Film review: Three Billboards Outside Ebbing, Missouri (2017), written and directed by Martin McDonagh

tl;dr: Worth waiting for because DAYUM, I can see why it won so many awards.

When I heard about this film, I instantly put it on the to-watch list. Martin McDonagh’s next film? Count me in! His films so far have been darkly funny and the dialogue sizzling and I absolutely love In Bruges. Didn’t end up seeing this film until recently, however, and it’s now the 152nd top rated film on IMDb. It won 130 awards and was nominated for another 230. Frances McDormand won the Best Actress Oscar, with Sam Rockwell winning Best Supporting Actor. And I can totally see why.

There are three dilapidated billboards on the roads outside the rural town of Ebbing in Missouri. Mildred (Frances McDormand), grieving her daughter Angela’s brutal and still unsolved murder some months previous, decides to buy the ad space to criticise the local police chief, Willoughby (Woody Harrelson), for not having caught the killer.

The billboards don’t go down well with the locals. Police officer Dixon (Sam Rockwell) is furious. Mildred’s son (Lucas Hedges) gets a hard time in school. Red Welby (Caleb Landry Jones), the guy who sold the ad space, is threatened right in front of his assistant (Kerry Condon). Police even threaten to cause legal problems for Mildred’s friend Denise (Amanda Warren) just because they can.

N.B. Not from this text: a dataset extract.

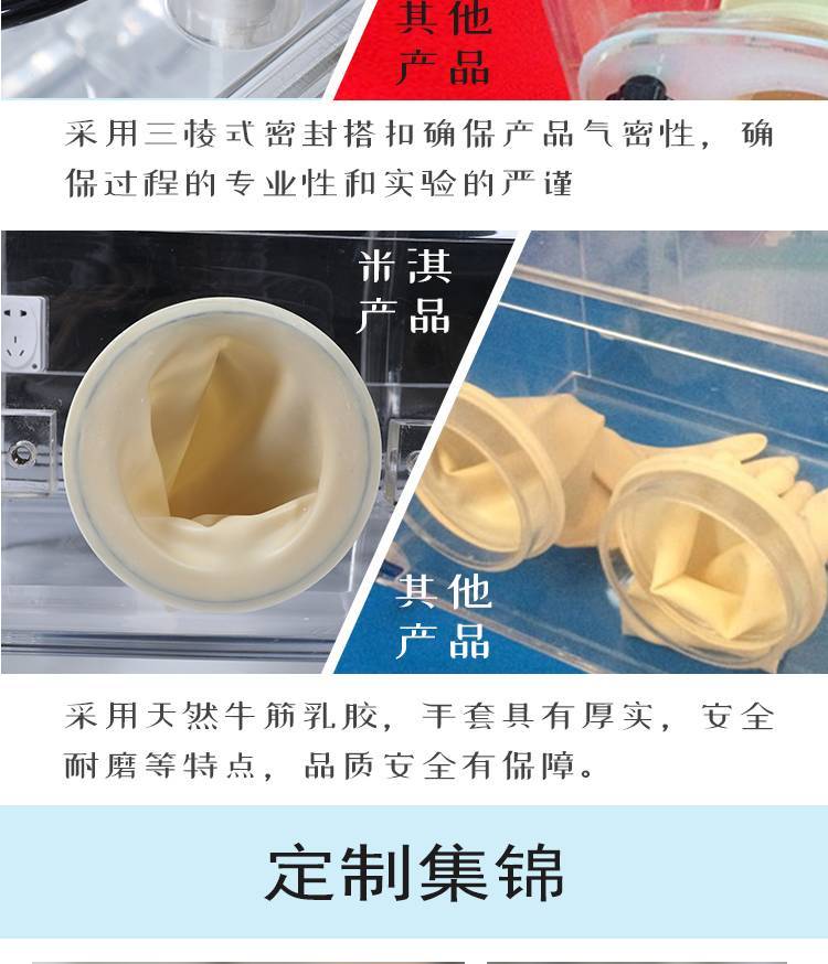 在配合科研单位进行低能量放射性物质的实验工作,微生物接种的无菌操作及化学物品定性定量分析等有关密闭性隔离操作,均可在操作箱内进行工作。生化、冶金、电子、化工、地质、矿产、医药、磁性材料、装备电池、生物培育、食品包装、电池材料等需要保护气氛下进行加工的过程中。该产品是高等院校、科研单位、企业实验室开展科学实验的理想装置。

Mildred’s crusade for justice lights both proverbial and literal fires in an otherwise sleepy town.

Like McDonagh’s previous outings the sense of humour is pitch black – just the way I like it – but as films go it’s not actually particularly funny. It’s furious. McDormand’s Mildred is rightfully fed up and angry that no progress seems to have been made at all in trying to find who committed the atrocious acts on her daughter. Sure, tough luck when there are no leads to follow, but I can see how galling it must be when it seems like they’re not even trying.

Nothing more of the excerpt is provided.